Please copy the lines below, exactly as they are, from the one with "石城縣小松鎮(zhèn)石田" through the one with "本网讯(学生记者 李学哲)9", and leave out the pictures.

Excerpted records:
== Segment start ==
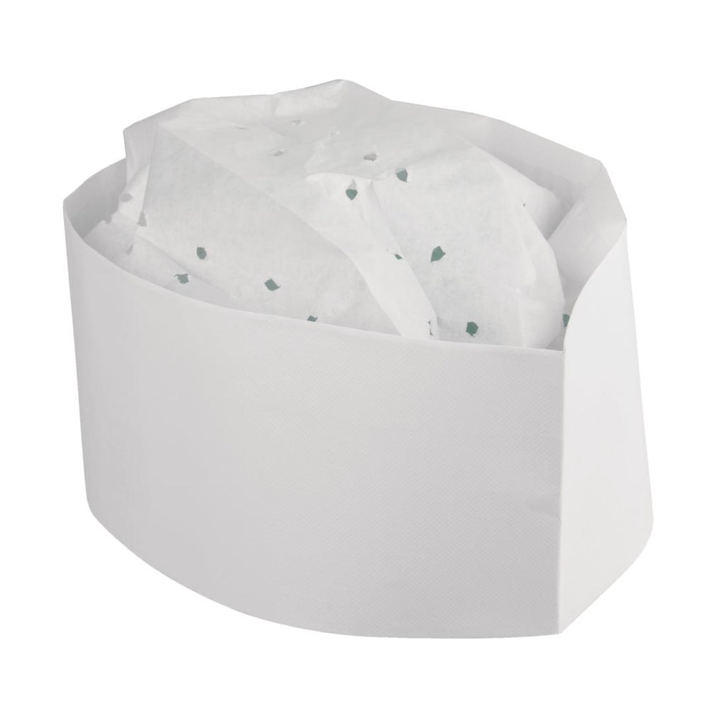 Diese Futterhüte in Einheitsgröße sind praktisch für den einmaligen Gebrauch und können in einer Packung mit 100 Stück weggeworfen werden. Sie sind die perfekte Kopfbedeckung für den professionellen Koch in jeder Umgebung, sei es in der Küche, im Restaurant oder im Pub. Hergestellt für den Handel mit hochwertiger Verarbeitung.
== Segment end ==
== Segment start ==
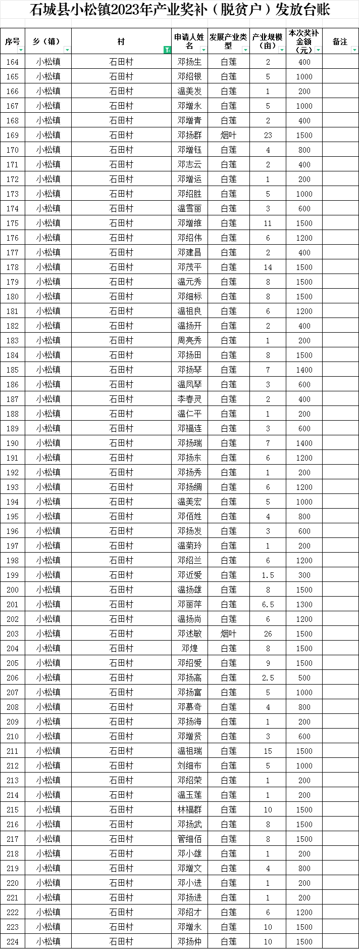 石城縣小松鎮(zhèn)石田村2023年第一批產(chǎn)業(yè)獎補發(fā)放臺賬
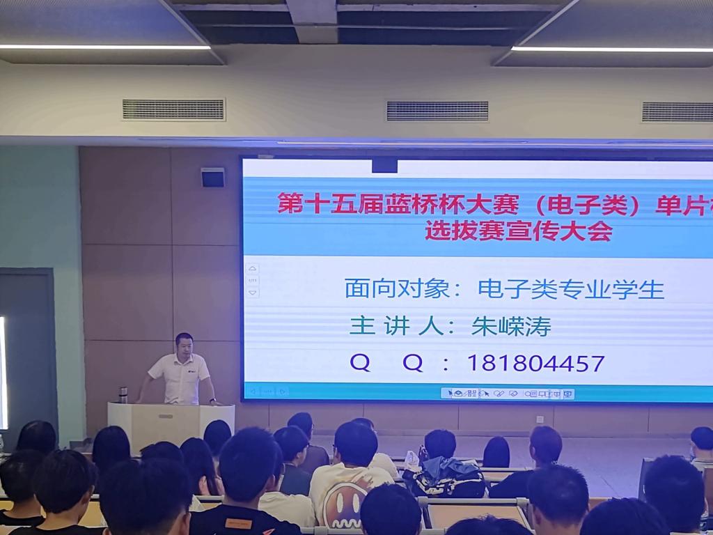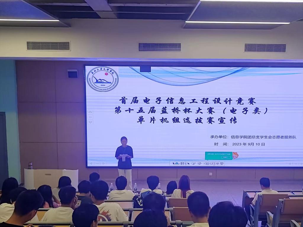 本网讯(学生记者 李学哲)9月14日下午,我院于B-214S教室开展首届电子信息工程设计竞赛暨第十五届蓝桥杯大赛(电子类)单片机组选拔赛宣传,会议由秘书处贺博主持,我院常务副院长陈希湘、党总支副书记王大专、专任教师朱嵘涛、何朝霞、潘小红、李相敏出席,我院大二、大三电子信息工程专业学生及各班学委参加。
== Segment end ==
== Segment start ==
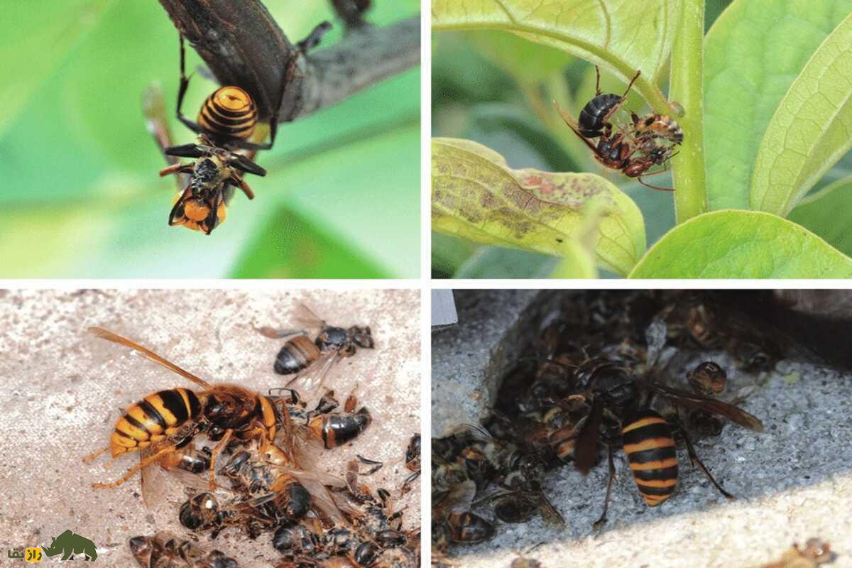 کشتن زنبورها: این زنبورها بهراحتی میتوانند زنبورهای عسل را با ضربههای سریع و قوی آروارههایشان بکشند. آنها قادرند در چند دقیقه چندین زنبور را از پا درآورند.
== Segment end ==
Expected answer:
 石城縣小松鎮(zhèn)石田村2023年第一批產(chǎn)業(yè)獎補發(fā)放臺賬
 本网讯(学生记者 李学哲)9月14日下午,我院于B-214S教室开展首届电子信息工程设计竞赛暨第十五届蓝桥杯大赛(电子类)单片机组选拔赛宣传,会议由秘书处贺博主持,我院常务副院长陈希湘、党总支副书记王大专、专任教师朱嵘涛、何朝霞、潘小红、李相敏出席,我院大二、大三电子信息工程专业学生及各班学委参加。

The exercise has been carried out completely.